Эмма не понимает, как вообще доросла до такой идеи, но она кажется ей безупречно правильной. Регина притягивает ее. Когда Эмма думает о ней, у нее влажнеет между ног. Пусть это будет похотью. Вожделением. Тогда следует его просто утолить. Эмма верит, что одного раза будет достаточно. Может быть, она с самого начала хотела Регину и просто принимала это за желание дружбы. Да, это простое и разумное объяснение. Почему Эмма не додумалась до него сразу?

Она знает ответ.

Потому что она никогда раньше не хотела женщину.
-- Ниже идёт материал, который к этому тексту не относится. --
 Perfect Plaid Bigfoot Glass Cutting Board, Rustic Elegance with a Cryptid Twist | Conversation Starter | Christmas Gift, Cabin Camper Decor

Ей не с чем было сравнивать.

– Точно так же она может не любить какого-то определенного мужчину, который попытается лечь с ней в постель, – отзывается Робин, и Эмма молча соглашается с ним.

Она не узнает, пока не попробует.

– У вас тут все женщины спят с женщинами? – вздыхает она, будто часть ее не желает сдаваться, в то время как и разум, и сердце уже смирились с неизбежным.

Робин улыбается.

– Не знаю. А что?

– Это глупо, – снова вздыхает Эмма, понимая: не глупо. – И странно. Я не привыкла к такому.
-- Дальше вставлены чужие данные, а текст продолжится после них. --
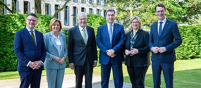 Boris Rhein, Malu Dreyer, Winfried Kretschmann, Dr. Markus Söder, Anke Rehlinger und Hendrik Wüst. Foto: Vertretung des Landes Baden-Württemberg beim Bund
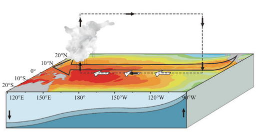 正常情況下,赤道西太平洋是大片的暖水區(qū),其面積相當(dāng)于我國陸地面積的兩倍多,而東太平洋是一片冷水區(qū)。但在一些年份,原本堆積在西太平洋的暖海水會往東蔓延,使得赤道中東太平洋海溫持續(xù)異常升高;而另一些年份,赤道中東太平洋冷水區(qū)范圍擴(kuò)大,海水變得更冷。當(dāng)赤道中東太平洋海溫出現(xiàn)這種異常現(xiàn)象,就有可能發(fā)生厄爾尼諾或拉尼娜。
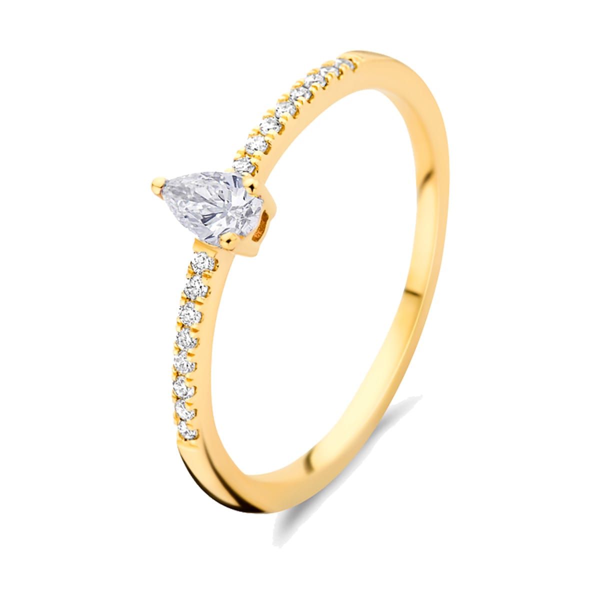 Bague Diamant taille Poire, descente de Diamants sur or jaune
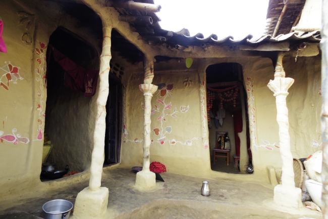 その人物は、地域のマイクロファイナンスの仕事をしているのだとか。この方の家の中庭で伺った話によると、『昔はみんなやっていたけどねぇ。ちょうどディーパーワリーあたりの頃に女性たちがそうやって飾り立てていた。今は現金収入の手段として描く人が多くなったね。』とのこと。また、これまでなかったモノや習慣が村に入ってくるのは、いわゆるグローバル化の側面だが、元々他の地域ではやらないことを自分たちもやらなくなってしまうという面もあるね、とも。
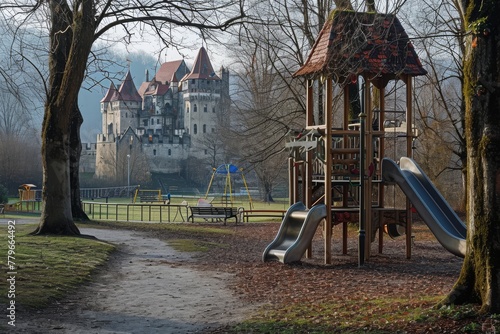 Fototapeta premium A photo of a playground featuring a castle in the background, creating a playful and whimsical setting for children, A playground under the shadow of an imposing castle, AI Generated

Она все еще пытается сохранить ту себя, что ничего не знала о подобном.

Тщетно.

Робин удивленно хмыкает.

– Даже живя в Риме уже столько времени?

– Даже живя здесь, – эхом повторяет Эмма.

Когда она уже лежит у себя в комнате, пытаясь уснуть, к ней заглядывает Мария. У нее на лице – сочувственное выражение. Она осторожно подходит к кровати.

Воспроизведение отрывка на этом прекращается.